Quote of the day came from the two girls in the class (one fighting for the Continentals, one fighting for the British) who petitioned to form their own nation. "Can't we declare ourselves Australia and declare war on everyone else?"
The British Guard arrive on the field, surveying the battle and deciding to engage the militia to their left or the New England to the right. Note that the British artillerymen apparently found their blue coats too unfashinable and traded them in for a spiffy red. The teacher learns a valuable lesson: never paint from memory.
"Sir! The rebels have advanced on our flank!"

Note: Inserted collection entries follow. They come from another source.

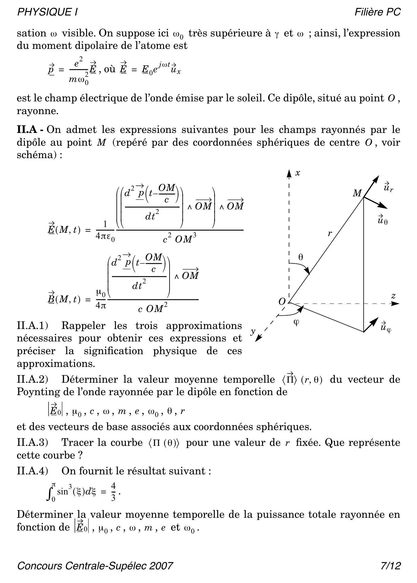 II.A - On admet les expressions suivantes pour les champs rayonnés par le dipôle au point (repéré par des coordonnées sphériques de centre , voir schéma) :
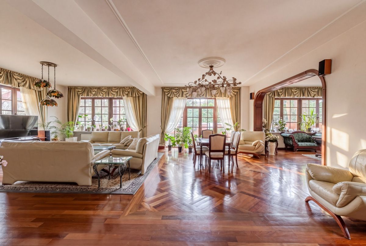 Przestronny salon wykończony egzotycznym drewnem tworzy reprezentacyjne serce domu i płynnie łączy się z oranżerią, która stanowi idealne miejsce do wypoczynku i spotkań.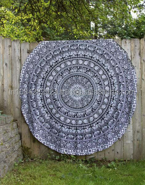 Tapices de mandala de elefante hechos a mano, tiro de playa redondo con patrón impreso, hecho en India
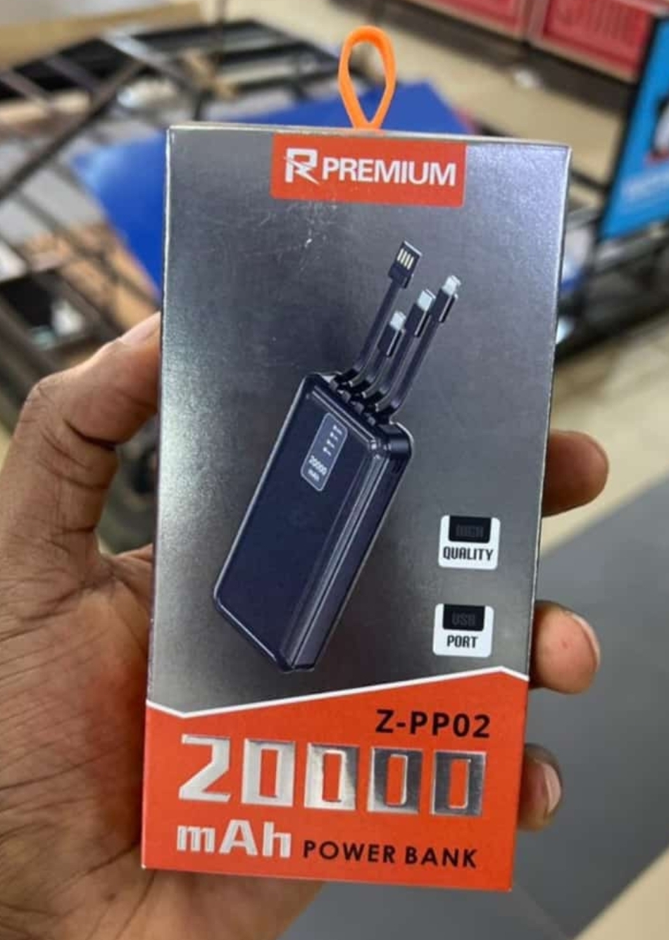 premium power bank with 20,000mAh battery, comes with charging cables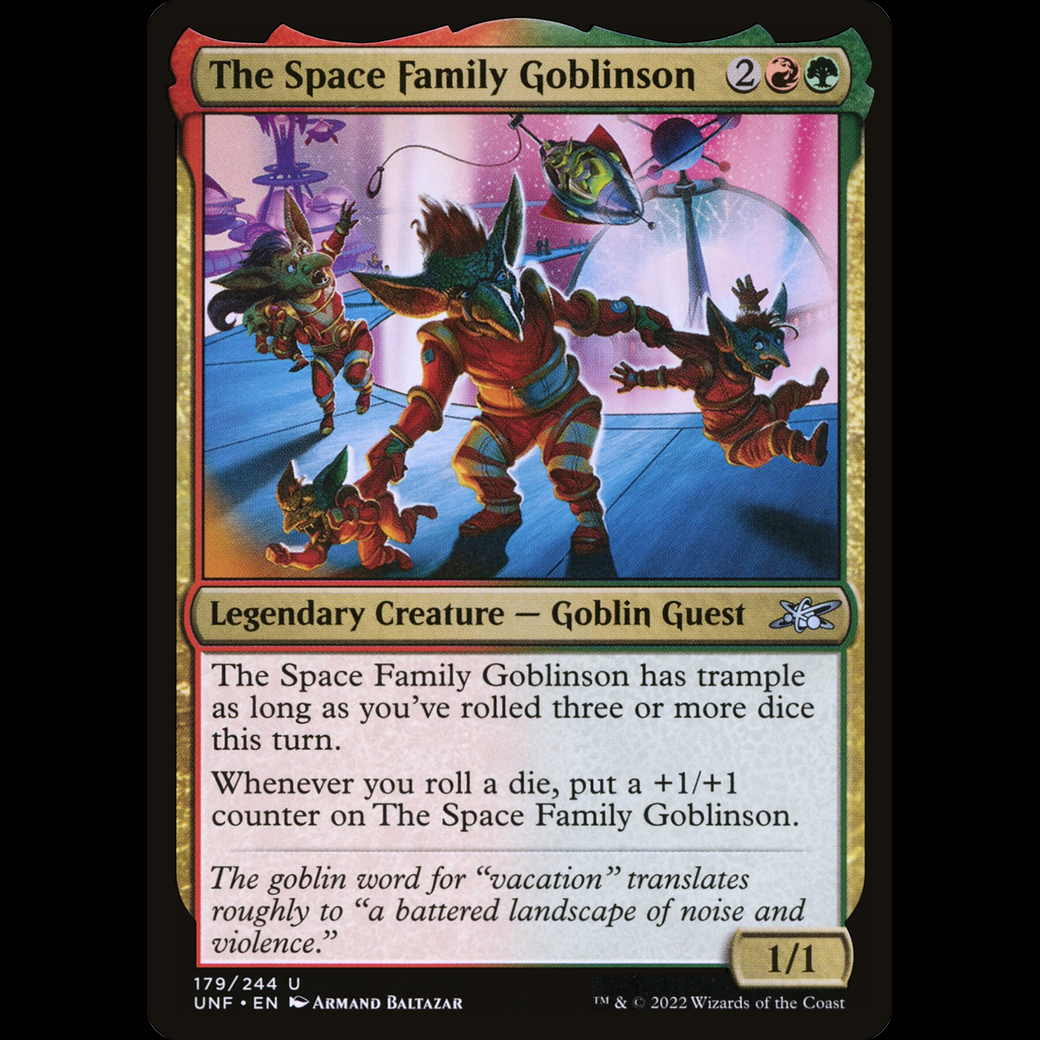 Whenever you roll a die, put a +1/+1 counter on The Space Family Goblinson.

"Have we taken any casualties yet?
"What are they firing? Marshmellows?"
General Grant, his troops apparently mounted on snails, creeps towards the battlefield. By turn five, his troops were finally able to deploy into line. In our next class session on next Tuesday, he may actually bring them into firing range.
Sam (General Howe) learns the meaning of the word "retreat." He also learns the meaning of the word "ouch."
Most of the games I run with students develop into confusing scrums like this. Individual units get sent off to meet a distant threat, and soon each commander has units all over the battlefield, each one struggling to maintain communication with their commander. This was the scene after the Americans caught up with the British light infantry who fled the Chew House. On the left side of the photo, the brigade which was sent to relieve them is now fighting for their lives.
Both sides finally came up with a battle plan. Sun Tzu's job is safe for the time being.